--- START ---

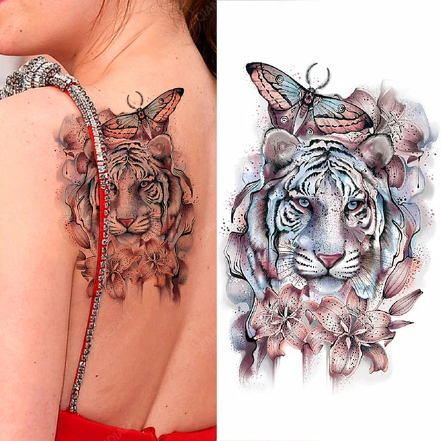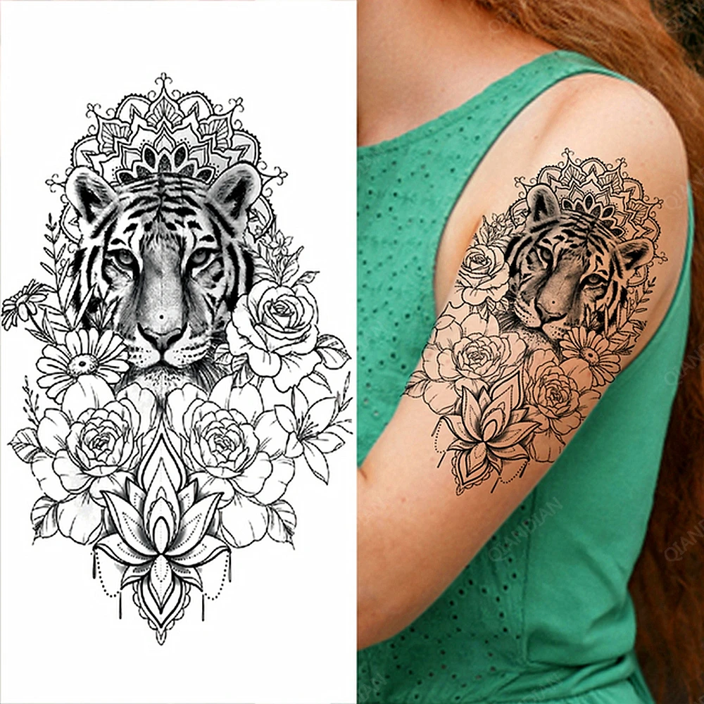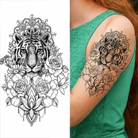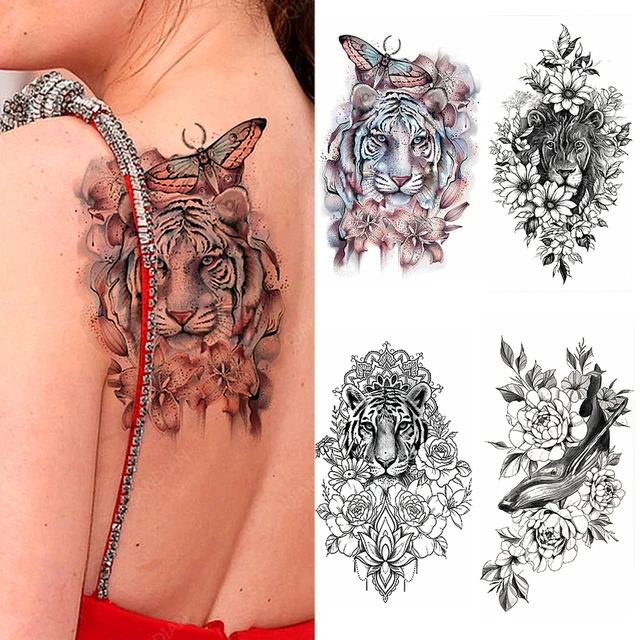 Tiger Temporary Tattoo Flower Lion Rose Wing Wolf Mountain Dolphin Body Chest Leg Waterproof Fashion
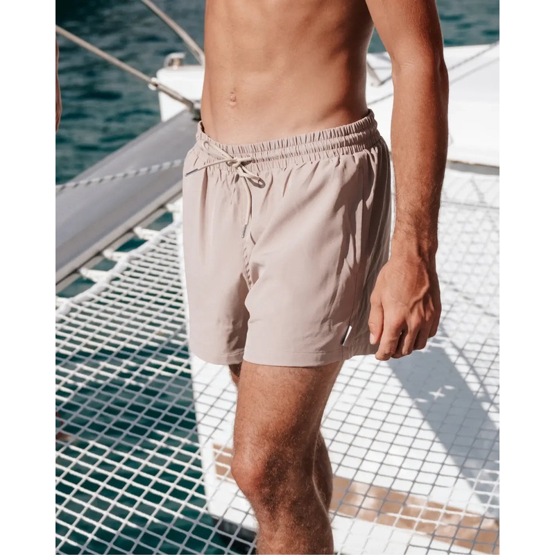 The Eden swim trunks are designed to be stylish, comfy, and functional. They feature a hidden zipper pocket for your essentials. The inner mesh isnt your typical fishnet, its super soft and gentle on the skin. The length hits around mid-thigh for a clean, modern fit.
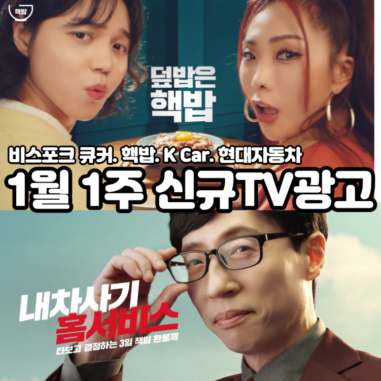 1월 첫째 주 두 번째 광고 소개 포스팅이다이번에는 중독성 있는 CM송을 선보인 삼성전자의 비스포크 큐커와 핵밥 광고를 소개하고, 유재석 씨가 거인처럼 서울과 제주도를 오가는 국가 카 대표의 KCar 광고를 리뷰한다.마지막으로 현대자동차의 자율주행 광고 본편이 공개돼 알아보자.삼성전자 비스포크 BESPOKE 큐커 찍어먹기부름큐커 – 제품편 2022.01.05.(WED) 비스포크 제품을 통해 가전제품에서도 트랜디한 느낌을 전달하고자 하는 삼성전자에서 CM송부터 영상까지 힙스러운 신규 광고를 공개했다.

--- END ---

Your objective: Restate all of the data word for word and include no pictures.

Finished task:
 Tiger Temporary Tattoo Flower Lion Rose Wing Wolf Mountain Dolphin Body Chest Leg Waterproof Fashion
 The Eden swim trunks are designed to be stylish, comfy, and functional. They feature a hidden zipper pocket for your essentials. The inner mesh isnt your typical fishnet, its super soft and gentle on the skin. The length hits around mid-thigh for a clean, modern fit.
 1월 첫째 주 두 번째 광고 소개 포스팅이다이번에는 중독성 있는 CM송을 선보인 삼성전자의 비스포크 큐커와 핵밥 광고를 소개하고, 유재석 씨가 거인처럼 서울과 제주도를 오가는 국가 카 대표의 KCar 광고를 리뷰한다.마지막으로 현대자동차의 자율주행 광고 본편이 공개돼 알아보자.삼성전자 비스포크 BESPOKE 큐커 찍어먹기부름큐커 – 제품편 2022.01.05.(WED) 비스포크 제품을 통해 가전제품에서도 트랜디한 느낌을 전달하고자 하는 삼성전자에서 CM송부터 영상까지 힙스러운 신규 광고를 공개했다.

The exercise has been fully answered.